Councils have given planning permission for more than 1.4 million homes since 2007 that have not been built, research has found.
A new report by the Institute for Public Policy Research (IPPR) says planned homes are often not built because developers instead want to increase the land’s value before selling it on, or they are ‘land banking’ to slow building rates and maintain high house prices.
The think-tank argued this meant the Government should not ‘rip up the red tape to get Britain building’, but must instead strengthen the planning system, which would also help restore nature, generate clean energy and build other important infrastructure.
It recommended exploring new laws to force developers to build within a certain time frame of securing planning permission or face sanctions.
The Government should also create a new Cabinet Office team to produce a national spatial strategy to oversee land use, the IPPR said.
Senior IPPR research fellow Dr Maya Singer Hobbs said: ‘Market driven house-building is broken, and won’t deliver the 1.5 million homes the Government has promised.

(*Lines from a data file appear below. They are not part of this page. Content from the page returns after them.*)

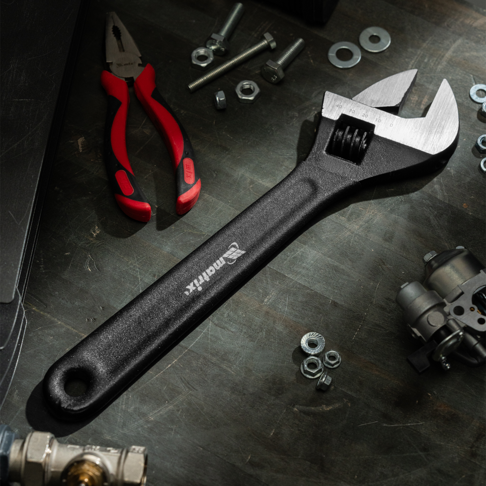 Разводной ключ Matrix 15509 длиной 375 мм используется для монтажа и демонтажа крепежных элементов. Заменяет собой целый комплект обычных гаечных ключей. Губки можно разводить на точно заданное расстояние, что позволяет захватывать детали различного размера. Разводной ключ пригодится для проведения слесарных, сантехнических, ремонтных работ.
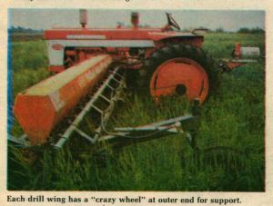 The interseeder takes a 25-ft. swath and plants soybeans in 15-in. rows. It's mounted on a 560 International tractor set for 75 in. wheel tread and equipped with 12.4 by 38-in. tires on the rear, and 7.50 by 16 mono-rib tires up front. Planter boxes, salvaged from a Deere model B drill, hold 25 bu. of beans (with side extensions). Drill wings on each side of the tractor are hinged to follow slopes and have a "crazy wheel" at the outer end (equipped with a 6.00 by 16 mono-rib tires) for support. The mono-rib tires help part the wheat, minimizing damage as they roll through the field. The drills fold back for transport and can easily be removed by unfastening just two bolts.
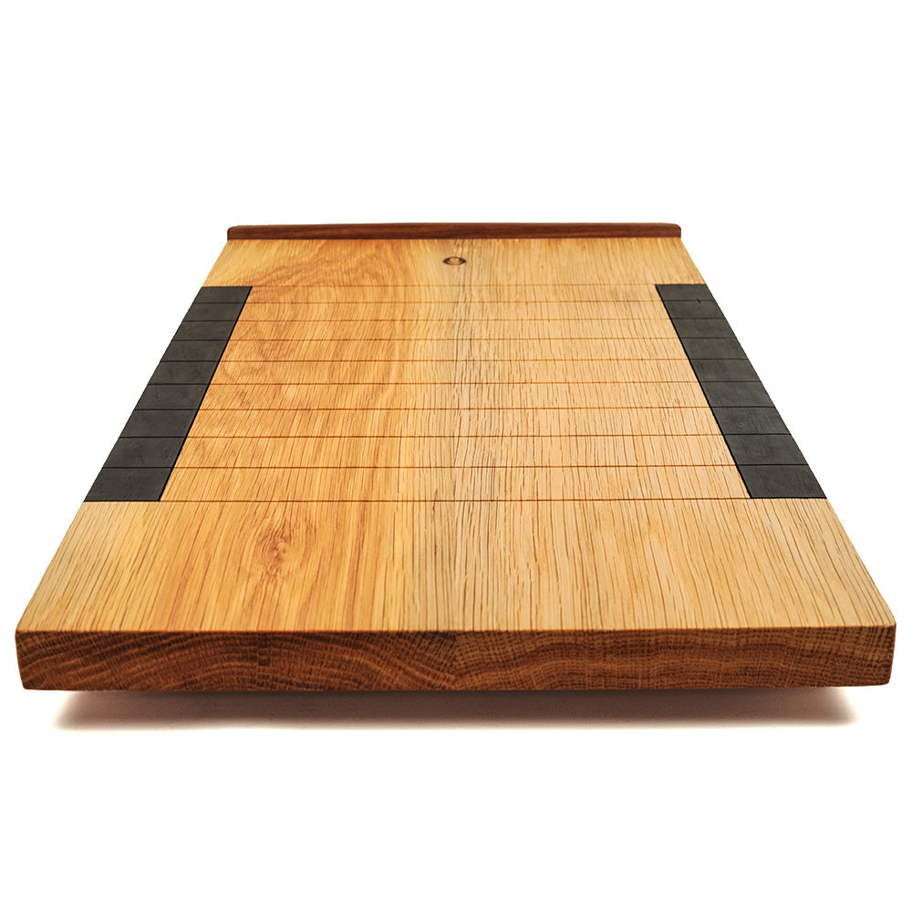 Each board is individually numbered on the oak baton and accompanied by a 100% cotton storage bag.The board measures 54 x 30 x 4 cm. Please note: as wood is a natural material and all these sets are made by hand, there may be some slight variation from the photograph.
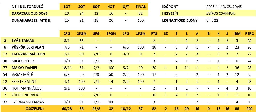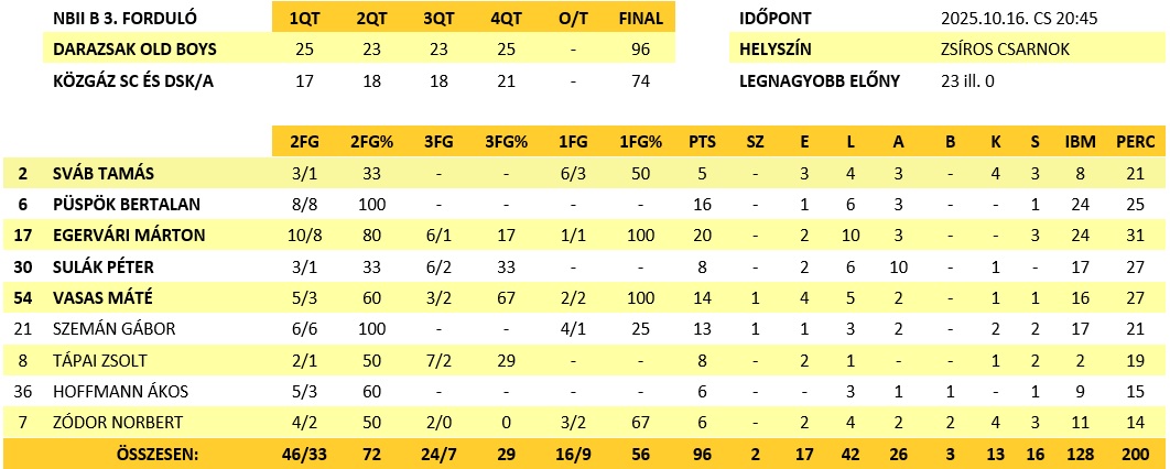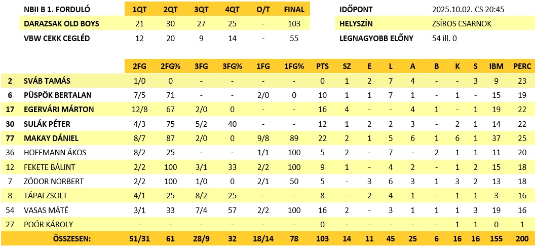NBII B 1. fordul DARAZSAK - VBW CEKK CEGLD

‘Years of deregulation and cuts to organisations like the Environment Agency means the planning system now operates as the last bastion of defence against bad design, nature degradation, pollution and over extraction of our waterways.
‘We must support local, regional and national planners to do their job.’
The Local Government Association’s housing spokesperson, Adam Hug, said: ‘Councils approve nine in 10 planning applications, but people cannot and do not live in planning permissions.
‘Councils must be given greater powers to ensure prompt build out of sites with planning permission.’